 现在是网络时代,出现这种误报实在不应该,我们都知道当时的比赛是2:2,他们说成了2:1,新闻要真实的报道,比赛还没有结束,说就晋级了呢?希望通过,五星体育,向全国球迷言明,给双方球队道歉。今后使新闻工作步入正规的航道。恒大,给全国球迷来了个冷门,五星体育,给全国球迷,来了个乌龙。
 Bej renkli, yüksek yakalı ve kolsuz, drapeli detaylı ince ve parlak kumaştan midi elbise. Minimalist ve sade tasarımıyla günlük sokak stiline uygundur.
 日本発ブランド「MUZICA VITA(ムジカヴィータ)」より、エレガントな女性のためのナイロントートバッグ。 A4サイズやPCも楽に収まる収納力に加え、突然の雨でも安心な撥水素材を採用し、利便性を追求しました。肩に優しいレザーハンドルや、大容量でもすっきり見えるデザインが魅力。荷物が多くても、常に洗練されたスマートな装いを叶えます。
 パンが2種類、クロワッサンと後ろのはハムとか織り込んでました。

= = = = =

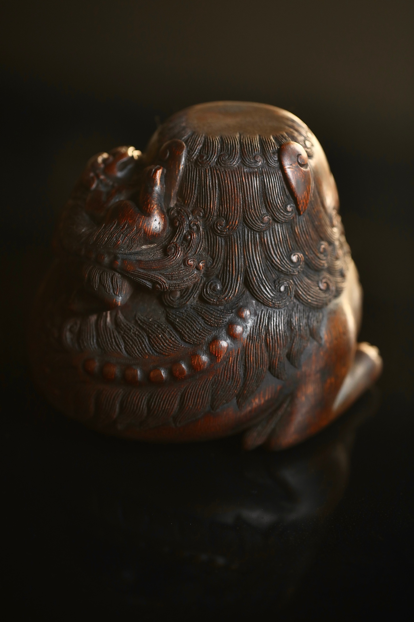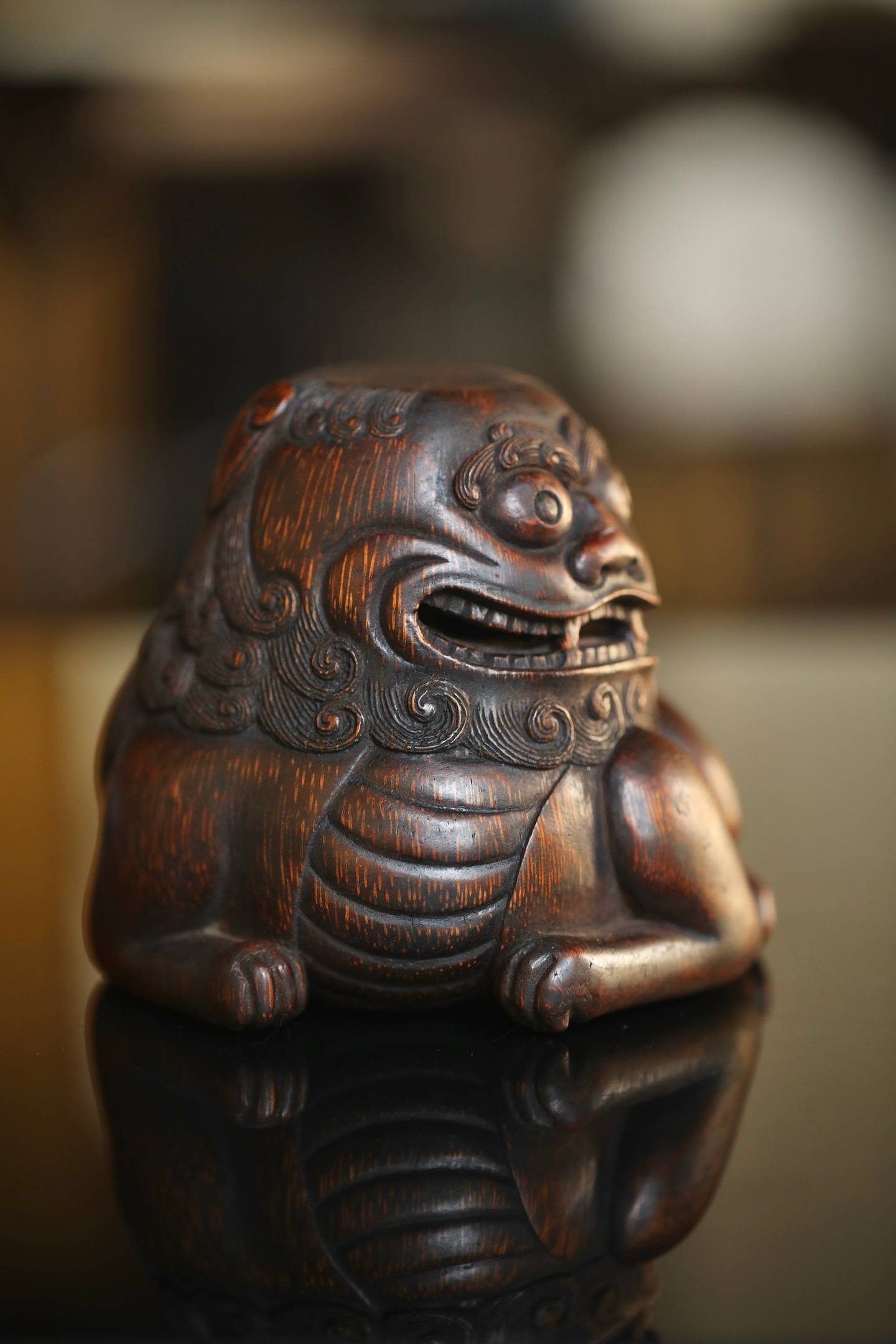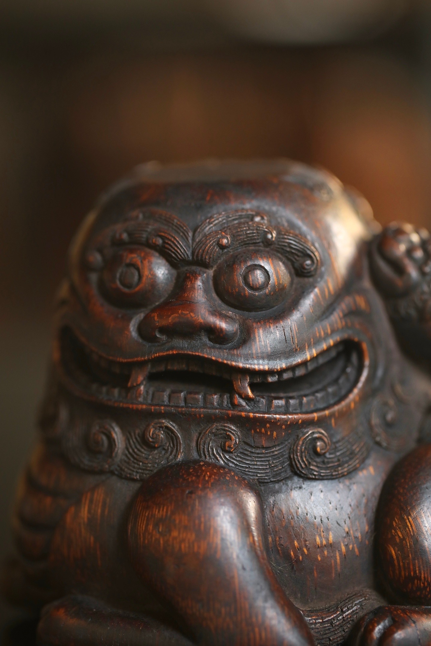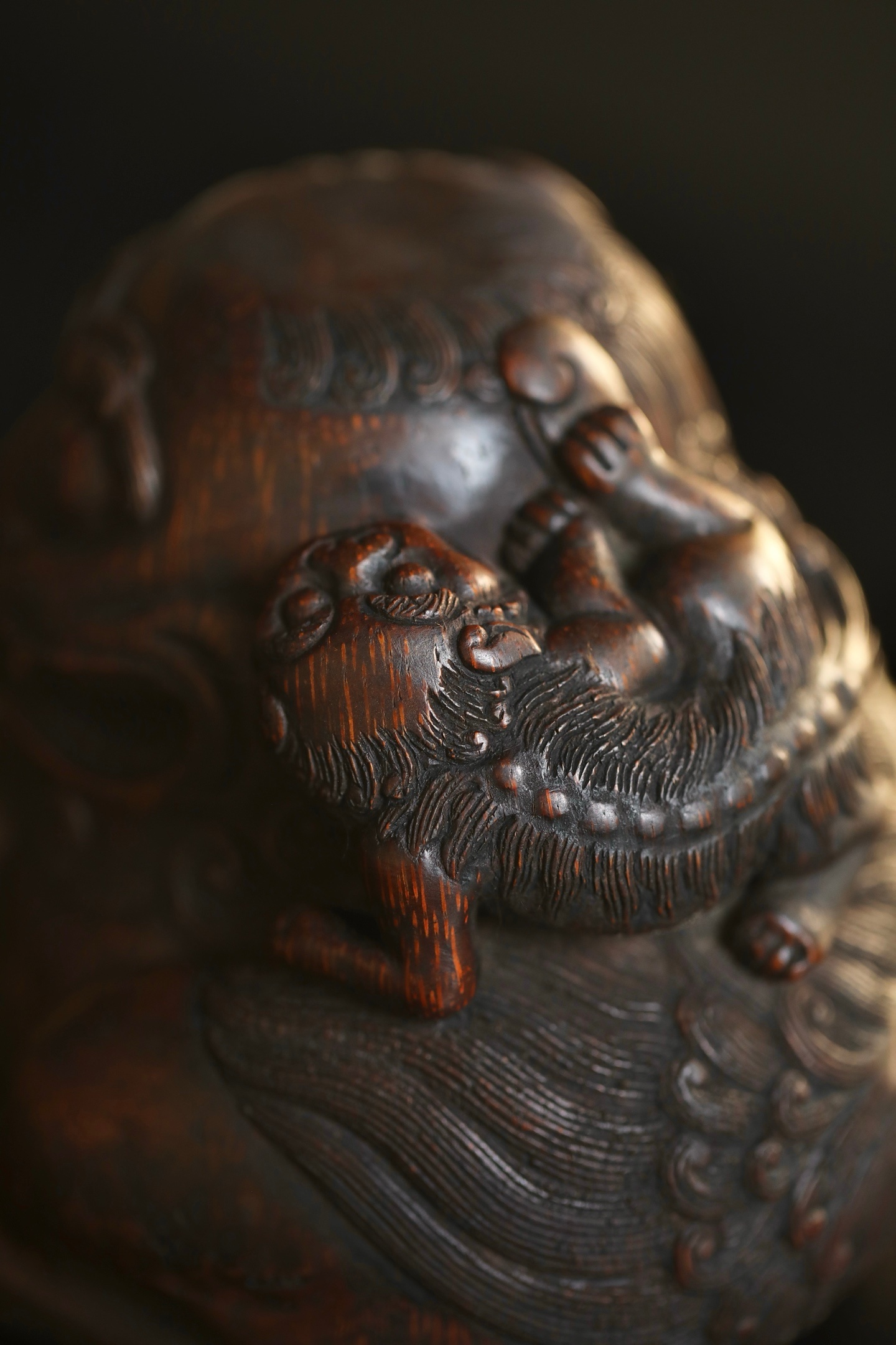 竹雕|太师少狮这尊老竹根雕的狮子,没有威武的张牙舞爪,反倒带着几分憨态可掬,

= = = = =

WHAT YOU WILL DO - Set down only the lines above that fall between the line holding "Bej renkli, yüksek" and the line holding "パンが2種類、クロワッサンと後ろのはハムとか織り込んでました。", inclusive, keeping each exact.

EXERCISE RESPONSE -
 Bej renkli, yüksek yakalı ve kolsuz, drapeli detaylı ince ve parlak kumaştan midi elbise. Minimalist ve sade tasarımıyla günlük sokak stiline uygundur.
 日本発ブランド「MUZICA VITA(ムジカヴィータ)」より、エレガントな女性のためのナイロントートバッグ。 A4サイズやPCも楽に収まる収納力に加え、突然の雨でも安心な撥水素材を採用し、利便性を追求しました。肩に優しいレザーハンドルや、大容量でもすっきり見えるデザインが魅力。荷物が多くても、常に洗練されたスマートな装いを叶えます。
 パンが2種類、クロワッサンと後ろのはハムとか織り込んでました。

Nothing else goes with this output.